In den abrahamitischen Religionen ist immer wieder von drei bedeutsamen Aspekten des Daseins die Rede: Glaube, Hoffnung, Liebe. So gilt beispielsweise Hoffnungslosigkeit als größte Sünde im Islam. Der Glaube beinhaltet die Hoffnung auf Ewigkeit und die Hoffnung ist ausgerichtet auf die Liebe. Sehr schön wird das im er ersten Brief des Paulus an die Korinther, im berühmten Hohelied der Liebe beschrieben (Kor. 13.Kap.): „Wenn ich mit Menschen- und mit Engelzungen redete und hätte die Liebe nicht, so wäre ich ein tönendes Erz oder eine klingende Schelle. Und wenn ich prophetisch reden könnte und wüsste alle Geheimnisse und alle Erkenntnis und hätte allen Glauben, so dass ich Berge versetzen könnte, und hätte die Liebe nicht, so wäre ich nichts. Und wenn ich alle meine Habe den Armen gäbe und ließe meinen Leib verbrennen, und hätte die Liebe nicht, so wäre mir's nichts nütze.

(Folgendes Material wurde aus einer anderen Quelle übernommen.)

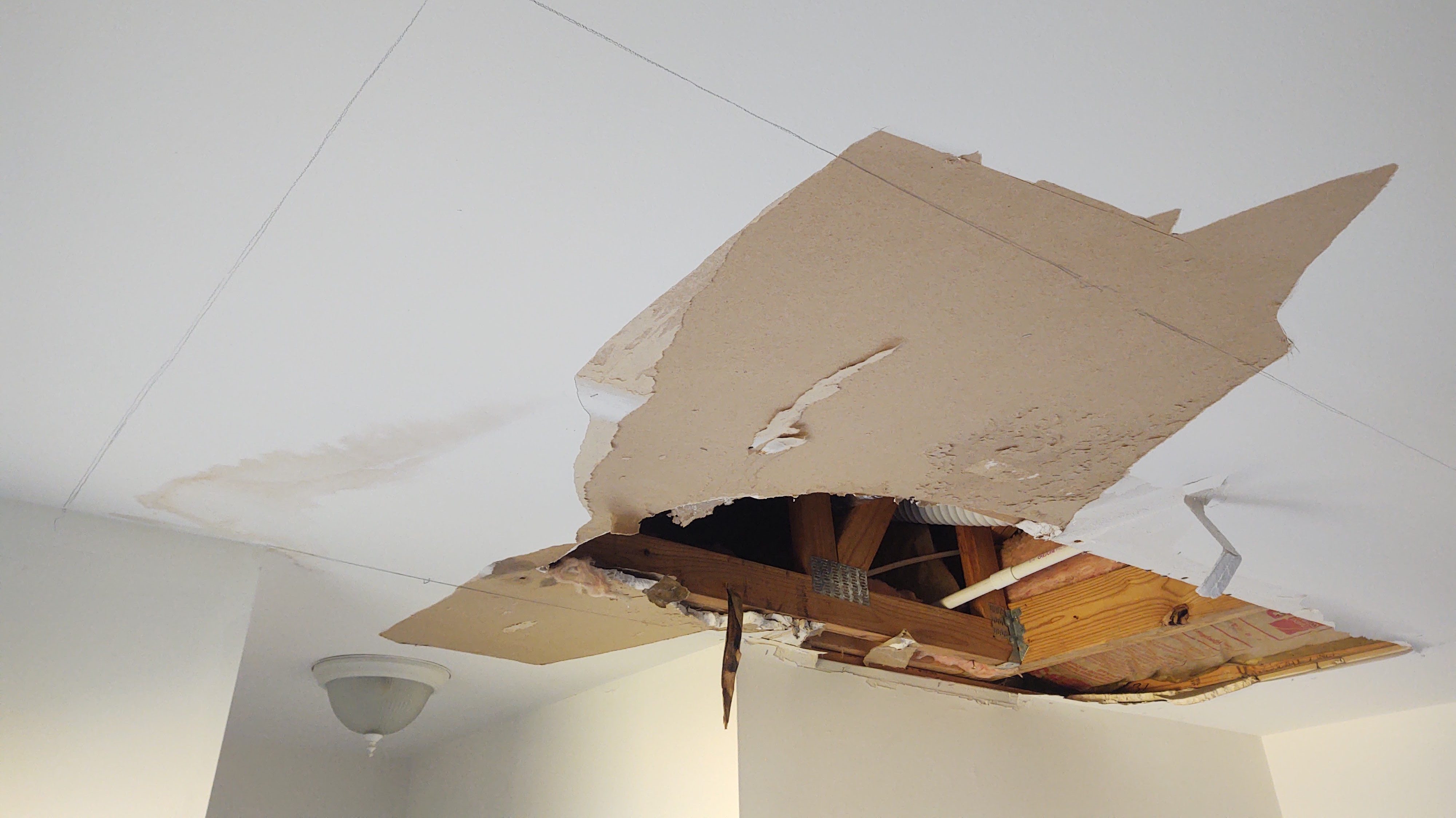 One of our clients had a terrible problem. The HVAC unit in their attic leaked and, unfortunately, caved in the ceiling causing a bit of water damage.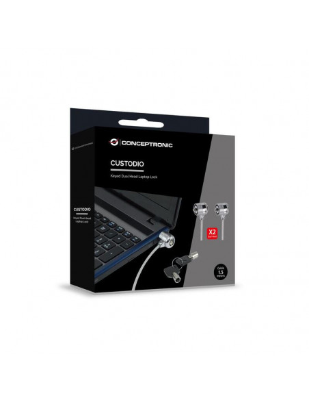 Cadeado de segurança Conceptronic para portátil com cabo de aço de 1,5m e dupla chave. Protege o seu portátil contra roubos, prendendo-o a uma superfície fixa.

Die Liebe ist langmütig und freundlich, die Liebe eifert nicht, die Liebe treibt nicht Mutwillen, sie bläht sich nicht auf, sie verhält sich nicht ungehörig, sie sucht nicht das Ihre, sie lässt sich nicht erbittern, sie rechnet das Böse nicht zu, sie freut sich nicht über die Ungerechtigkeit, sie freut sich aber an der Wahrheit; sie erträgt alles, sie glaubt alles, sie hofft alles, sie erduldet alles. Die Liebe hört niemals auf, wo doch das prophetische Reden aufhören wird und das Zungenreden aufhören wird und die Erkenntnis aufhören wird.“ Und am Ende heißt es: „Nun aber bleiben Glaube, Hoffnung, Liebe, diese drei; aber die Liebe ist die größte unter ihnen.“
Ähnlich steht es an mehreren Stellen im Heiligen Qur´an. Die etwas knappere aber dafür mit einer immensen Bedeutung ausgestatte Stelle ist in der 19. Sure der 96 Vers: „Diejenigen, die da glauben und gute Werke tun - ihnen wird der Gnadenreiche Liebe bereiten.“ Es ist sicherlich kein Zufall, dass jener Vers in der Sure steht, die der Heiligen Maria gewidmet ist. Dabei ist zu beachten, dass es im Arabischen eine ganze Reihe von Begriffen für „Liebe“ gibt. Der gängigste Begriff ist „hub“. Er wird hier aber nicht verwendet. Vielmehr steht hier der Begriff „wud“, welches die aller stärkste und höchste Form der selbstlosen Liebe beschreibt, wie sie nur von Gott zu dem Menschen gegeben werden kann. Und es wird eben deutlich, dass jene Liebe nicht etwa von uns stammt sondern von Gott.
Wie sehr diese Sehnsucht in den Herzen der Anhänger aller Religionen existiert kann man an heiligen Orten erkennen. Man braucht nur die Orte Lourdes in Frankreich oder den Ort mit dem Heiligen Namen Fatima in Portugal zu besuchen, um zu erkennen, welch ein großer Bedarf für solche Orte existiert. Die Menschen laufen die letzten hundert Meter zur Gedenkstätte der Heiligen Maria (a.) teilweise auf ihren Knien bis sie blutig werden. Und sie sehnen sich so sehr nach Heiligkeiten, die ihnen kaum vergönnt sind.
Jetzt aber ist eine Zeit der Heiligkeit in der christlichen Welt. Und es ist mit die Aufgabe der Muslime, die Heiligkeit hervorzuheben, denn die Heiligkeit führt zu Gott. Und diesen Weg könne zumindest bis zu einem bestimmten Grad Christen und Muslime gemeinsam gehen; auch zu Weihnachten.
Ich wünsche im Namen aller Mitarbeiter des Muslim-Markt unseren christlichen Leser eine besinnliche Adventszeit.